__Task description__: Could you copy exactly the lines below from the one with "1月13日在天津于橋水庫拍攝" to the one with "Als ich dann", inclusive, leaving out any pictures?

__Provided information__:
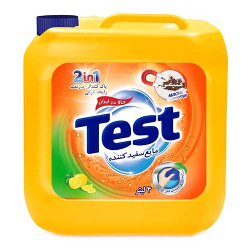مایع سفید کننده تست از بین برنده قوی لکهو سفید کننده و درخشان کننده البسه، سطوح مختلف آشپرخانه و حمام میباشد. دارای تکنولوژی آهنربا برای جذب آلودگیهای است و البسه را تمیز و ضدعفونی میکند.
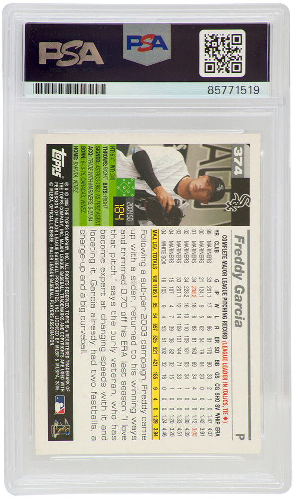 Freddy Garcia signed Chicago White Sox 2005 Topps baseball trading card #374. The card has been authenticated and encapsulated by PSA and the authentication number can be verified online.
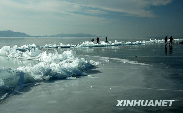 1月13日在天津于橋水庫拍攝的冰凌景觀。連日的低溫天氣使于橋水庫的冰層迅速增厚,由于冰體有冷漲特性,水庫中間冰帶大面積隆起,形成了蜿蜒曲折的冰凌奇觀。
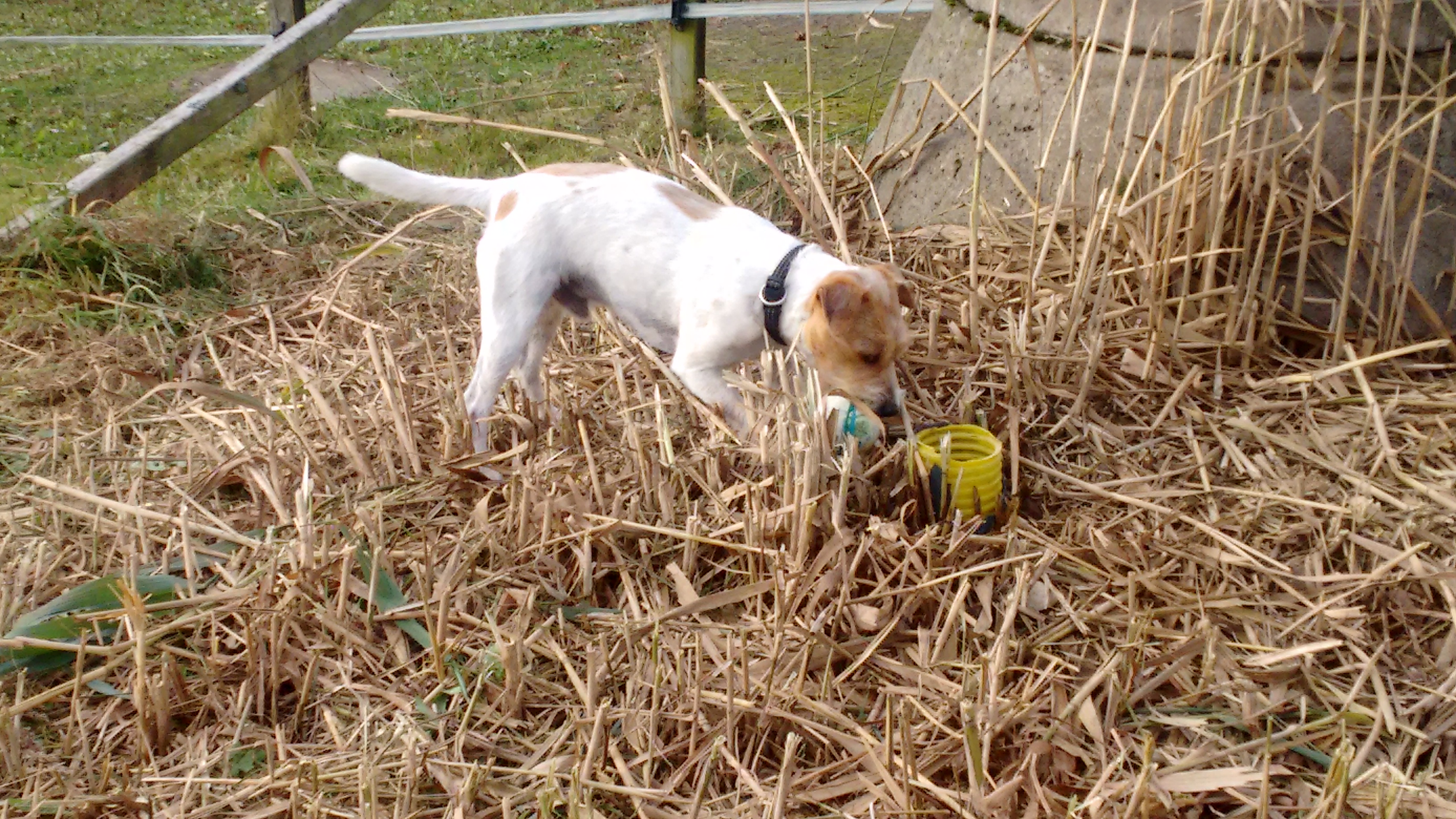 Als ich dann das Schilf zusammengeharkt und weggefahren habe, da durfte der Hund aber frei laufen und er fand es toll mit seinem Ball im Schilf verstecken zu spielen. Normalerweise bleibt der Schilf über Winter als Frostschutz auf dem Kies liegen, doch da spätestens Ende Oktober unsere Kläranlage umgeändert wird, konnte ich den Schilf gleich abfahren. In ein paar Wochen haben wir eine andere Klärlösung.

==

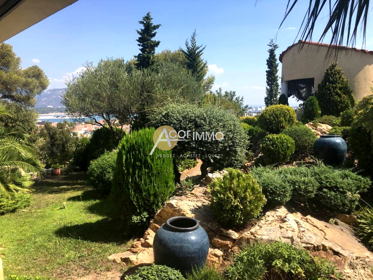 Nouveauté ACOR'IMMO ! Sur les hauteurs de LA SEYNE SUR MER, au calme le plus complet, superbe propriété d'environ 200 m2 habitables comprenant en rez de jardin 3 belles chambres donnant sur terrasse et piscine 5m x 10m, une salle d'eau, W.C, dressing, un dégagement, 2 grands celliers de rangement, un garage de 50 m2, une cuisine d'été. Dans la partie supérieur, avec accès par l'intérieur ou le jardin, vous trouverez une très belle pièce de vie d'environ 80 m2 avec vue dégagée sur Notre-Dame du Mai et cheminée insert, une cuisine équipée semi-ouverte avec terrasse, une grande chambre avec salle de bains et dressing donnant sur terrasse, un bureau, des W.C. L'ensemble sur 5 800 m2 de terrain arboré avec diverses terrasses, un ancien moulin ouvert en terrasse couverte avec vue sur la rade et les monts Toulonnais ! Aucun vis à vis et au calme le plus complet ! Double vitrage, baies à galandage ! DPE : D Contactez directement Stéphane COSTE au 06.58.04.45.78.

--

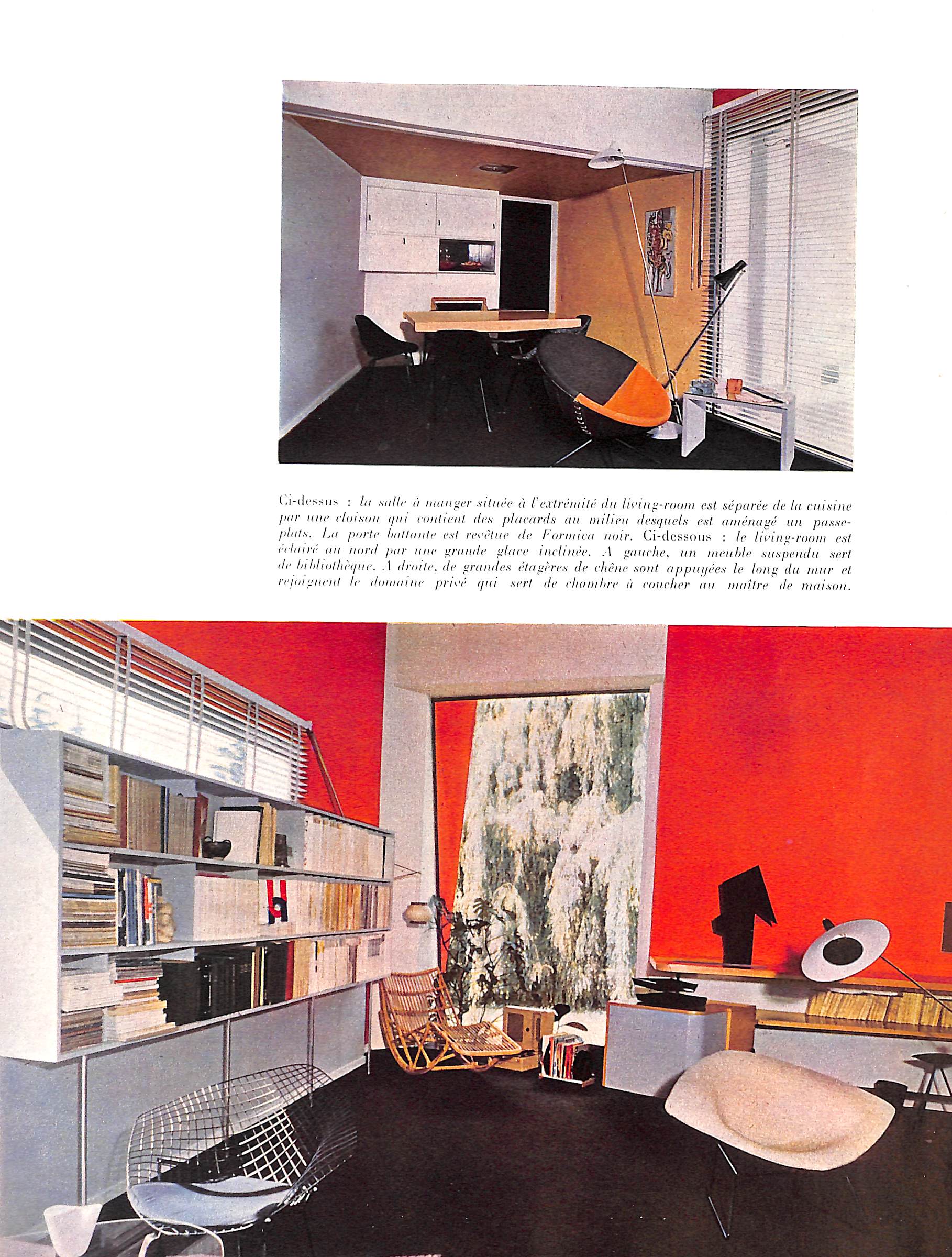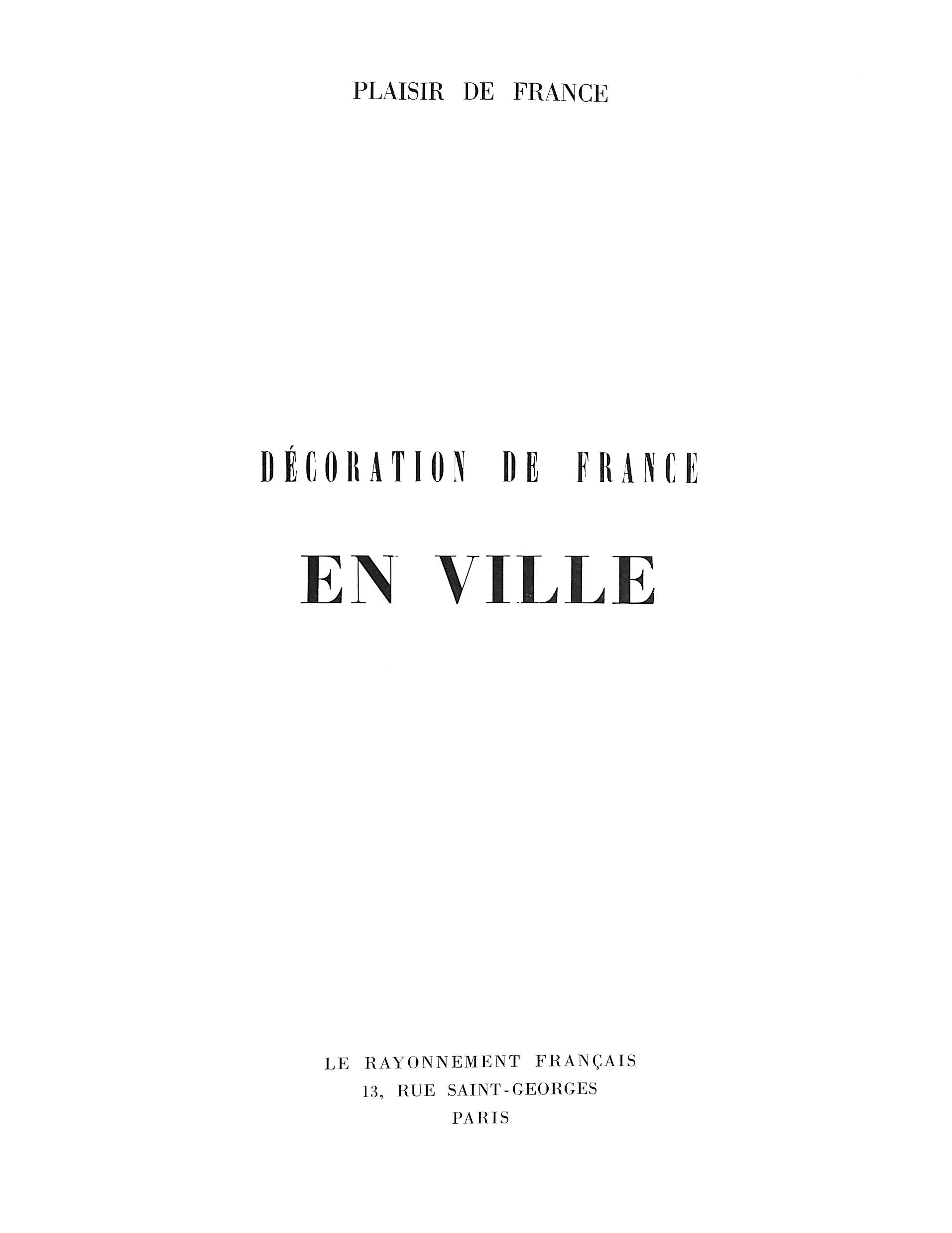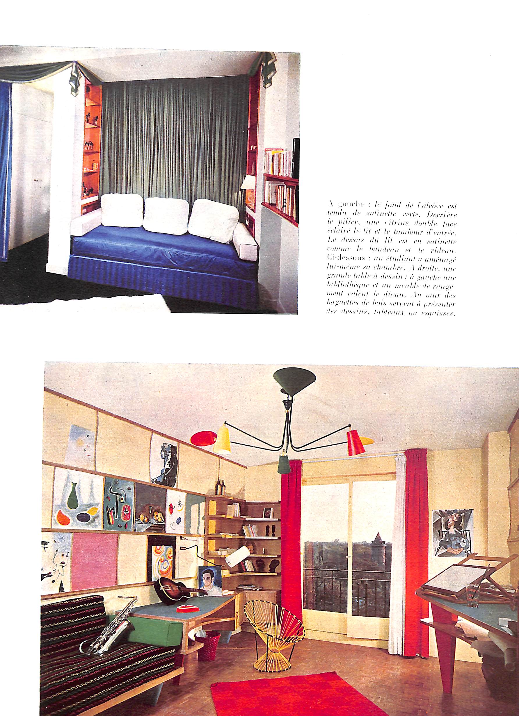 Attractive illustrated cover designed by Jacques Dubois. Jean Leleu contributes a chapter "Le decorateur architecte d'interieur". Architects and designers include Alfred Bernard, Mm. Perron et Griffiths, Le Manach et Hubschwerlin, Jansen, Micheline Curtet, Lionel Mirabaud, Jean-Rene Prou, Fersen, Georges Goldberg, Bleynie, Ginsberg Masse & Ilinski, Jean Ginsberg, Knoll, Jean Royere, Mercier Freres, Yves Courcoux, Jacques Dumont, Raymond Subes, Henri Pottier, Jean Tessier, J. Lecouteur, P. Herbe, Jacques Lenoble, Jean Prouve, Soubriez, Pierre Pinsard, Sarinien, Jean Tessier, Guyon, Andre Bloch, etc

__Task response__:
 1月13日在天津于橋水庫拍攝的冰凌景觀。連日的低溫天氣使于橋水庫的冰層迅速增厚,由于冰體有冷漲特性,水庫中間冰帶大面積隆起,形成了蜿蜒曲折的冰凌奇觀。
 Als ich dann das Schilf zusammengeharkt und weggefahren habe, da durfte der Hund aber frei laufen und er fand es toll mit seinem Ball im Schilf verstecken zu spielen. Normalerweise bleibt der Schilf über Winter als Frostschutz auf dem Kies liegen, doch da spätestens Ende Oktober unsere Kläranlage umgeändert wird, konnte ich den Schilf gleich abfahren. In ein paar Wochen haben wir eine andere Klärlösung.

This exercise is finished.